The ostensible subject of the narration concerns a murder, committed by the anonymous narrator and an accomplice in order to steal a money box belonging to a rich reclusive. The accomplice makes off with the money and the narrator (one could scarcely call him the hero) embarks on a search to find it. This leads him to a most peculiar police station, containing a pair of extraordinary policemen who (in O'Brien's own description of his book) "do not confine their investigations or activities to this world or to any known planes or dimensions. Their most casual remarks create a thousand other mysteries…"
Bicycles are a recurrent theme throughout. One of the policemen is obsessed by them and he explains to the narrator that the more people ride, the more they take on the character of their machines until eventually they become bicycles themselves. The second policeman is an inventor who constructs fantastic machines, some of which are too small to be seen. The pair take the narrator on a tour of an underground storehouse where you can get anything you wish for, but you cannot take any of it to the surface. The eponymous third policeman appears only at the end of the book, when he brings about the denouement.
I would have to describe the book as a comedy, for it is certainly extremely funny, but the nightmarish and sinister are never quite absent and, at the end, the narrator finds that both he and his accomplice are trapped for ever in this dreamlike world, rather like the characters in J-P Sartre's Huis Clos. The narrator describes his adventures in rather formal, even prissy, tones. He is obsessed with a fictitious philosopher called de Selby, whose absurd opinions are discussed in long pseudo-scholarly footnotes. The other characters, in contrast, and especially the policemen, speak in a wonderfully allusive way that conveys the intonations of Irish speech without ever needing the props of phonetic spelling. This can only be conveyed by quotation.
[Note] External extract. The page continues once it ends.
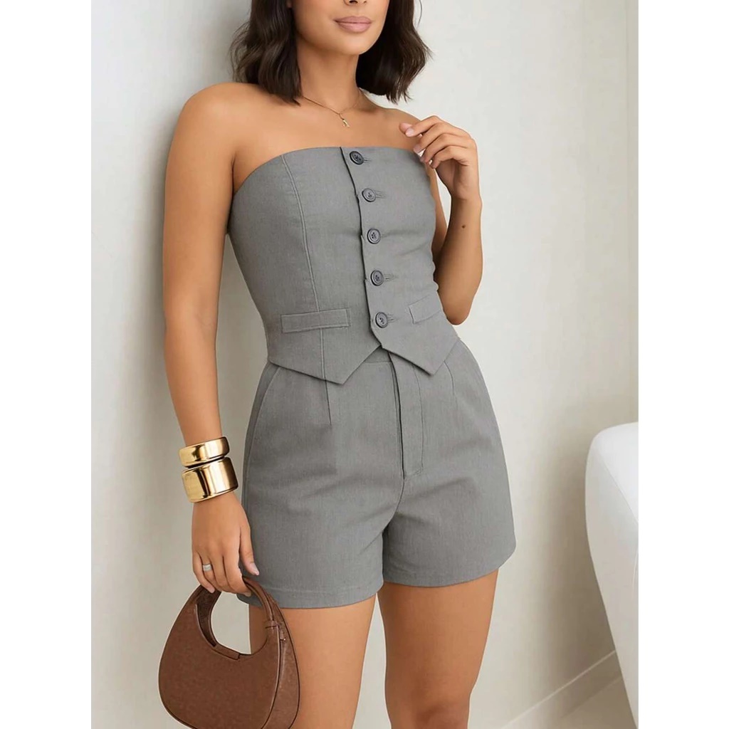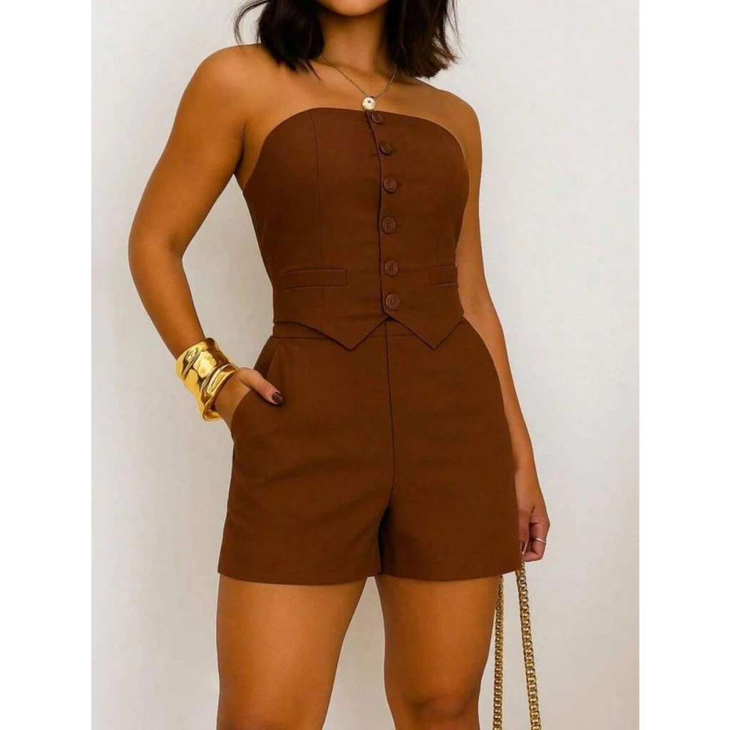 Conjunto Social Tomara que Caia e Short Alfaiataria Feminino

When I penetrated back to the dayroom I encountered two gentlemen called Sergeant Pluck and Mr Gilhaney and they were holding a meeting about the question of bicycles.And here is the Sergeant describing the atomic theory.
"Did you never study atomics when you were a lad?" asked the Sergeant, giving me a look of great inquiry and surprise.This sort of thing goes on for pages, becoming ever more inventive and intricate. Sheer delight.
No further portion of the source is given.